■ **Instructions for the task**
A verbatim copy of every record is required, and no pictures should be included.
[Data under study — start]
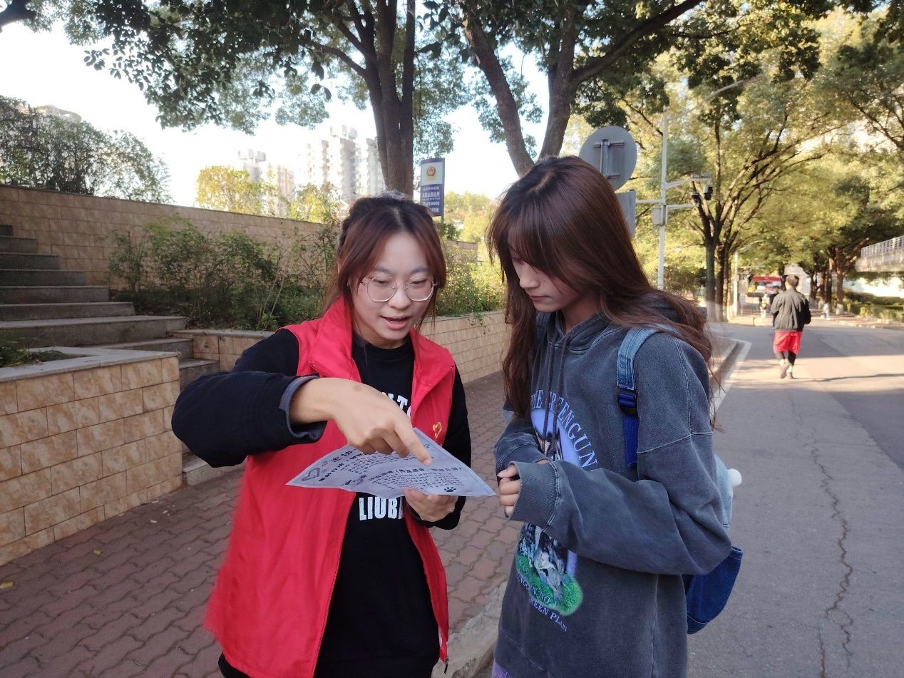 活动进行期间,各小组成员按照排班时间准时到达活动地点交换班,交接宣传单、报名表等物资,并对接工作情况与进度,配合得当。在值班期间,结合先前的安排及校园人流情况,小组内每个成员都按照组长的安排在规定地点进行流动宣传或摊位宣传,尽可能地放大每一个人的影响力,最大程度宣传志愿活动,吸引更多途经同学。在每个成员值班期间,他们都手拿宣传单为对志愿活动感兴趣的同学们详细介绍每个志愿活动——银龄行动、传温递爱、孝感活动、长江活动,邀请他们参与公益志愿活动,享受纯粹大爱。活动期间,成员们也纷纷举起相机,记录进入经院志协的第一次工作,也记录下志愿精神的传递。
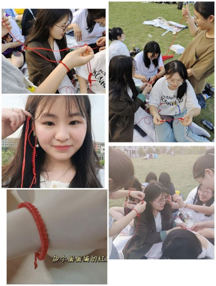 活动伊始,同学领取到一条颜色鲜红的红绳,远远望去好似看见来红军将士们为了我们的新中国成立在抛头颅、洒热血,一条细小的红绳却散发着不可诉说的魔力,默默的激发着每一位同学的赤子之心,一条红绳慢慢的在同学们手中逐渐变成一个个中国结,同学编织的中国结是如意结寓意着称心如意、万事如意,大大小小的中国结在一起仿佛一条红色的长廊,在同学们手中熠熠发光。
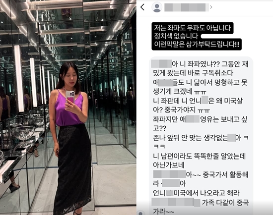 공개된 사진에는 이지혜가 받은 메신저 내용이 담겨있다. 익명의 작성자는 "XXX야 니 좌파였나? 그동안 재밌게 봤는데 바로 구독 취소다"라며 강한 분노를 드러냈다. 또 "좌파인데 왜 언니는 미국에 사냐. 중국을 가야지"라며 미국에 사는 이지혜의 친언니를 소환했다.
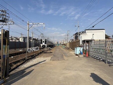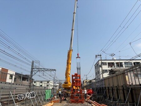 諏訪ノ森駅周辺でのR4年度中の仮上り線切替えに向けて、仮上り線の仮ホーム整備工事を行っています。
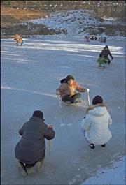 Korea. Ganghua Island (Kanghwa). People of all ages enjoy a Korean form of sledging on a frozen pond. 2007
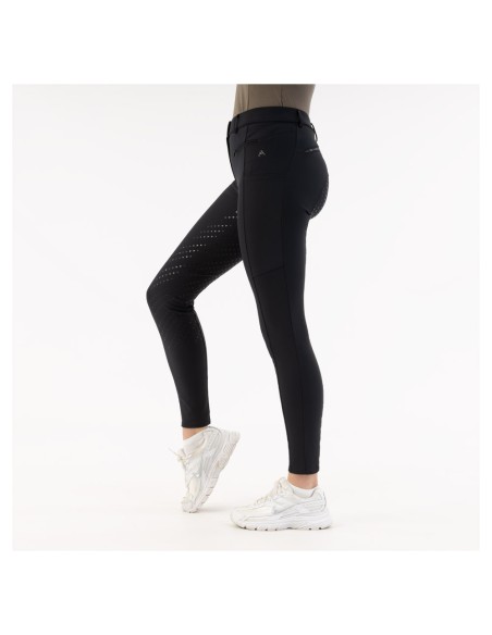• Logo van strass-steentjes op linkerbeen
[Data under study — finish]
■ **Answer box**
 活动进行期间,各小组成员按照排班时间准时到达活动地点交换班,交接宣传单、报名表等物资,并对接工作情况与进度,配合得当。在值班期间,结合先前的安排及校园人流情况,小组内每个成员都按照组长的安排在规定地点进行流动宣传或摊位宣传,尽可能地放大每一个人的影响力,最大程度宣传志愿活动,吸引更多途经同学。在每个成员值班期间,他们都手拿宣传单为对志愿活动感兴趣的同学们详细介绍每个志愿活动——银龄行动、传温递爱、孝感活动、长江活动,邀请他们参与公益志愿活动,享受纯粹大爱。活动期间,成员们也纷纷举起相机,记录进入经院志协的第一次工作,也记录下志愿精神的传递。
 活动伊始,同学领取到一条颜色鲜红的红绳,远远望去好似看见来红军将士们为了我们的新中国成立在抛头颅、洒热血,一条细小的红绳却散发着不可诉说的魔力,默默的激发着每一位同学的赤子之心,一条红绳慢慢的在同学们手中逐渐变成一个个中国结,同学编织的中国结是如意结寓意着称心如意、万事如意,大大小小的中国结在一起仿佛一条红色的长廊,在同学们手中熠熠发光。
 공개된 사진에는 이지혜가 받은 메신저 내용이 담겨있다. 익명의 작성자는 "XXX야 니 좌파였나? 그동안 재밌게 봤는데 바로 구독 취소다"라며 강한 분노를 드러냈다. 또 "좌파인데 왜 언니는 미국에 사냐. 중국을 가야지"라며 미국에 사는 이지혜의 친언니를 소환했다.
 諏訪ノ森駅周辺でのR4年度中の仮上り線切替えに向けて、仮上り線の仮ホーム整備工事を行っています。
 Korea. Ganghua Island (Kanghwa). People of all ages enjoy a Korean form of sledging on a frozen pond. 2007
• Logo van strass-steentjes op linkerbeen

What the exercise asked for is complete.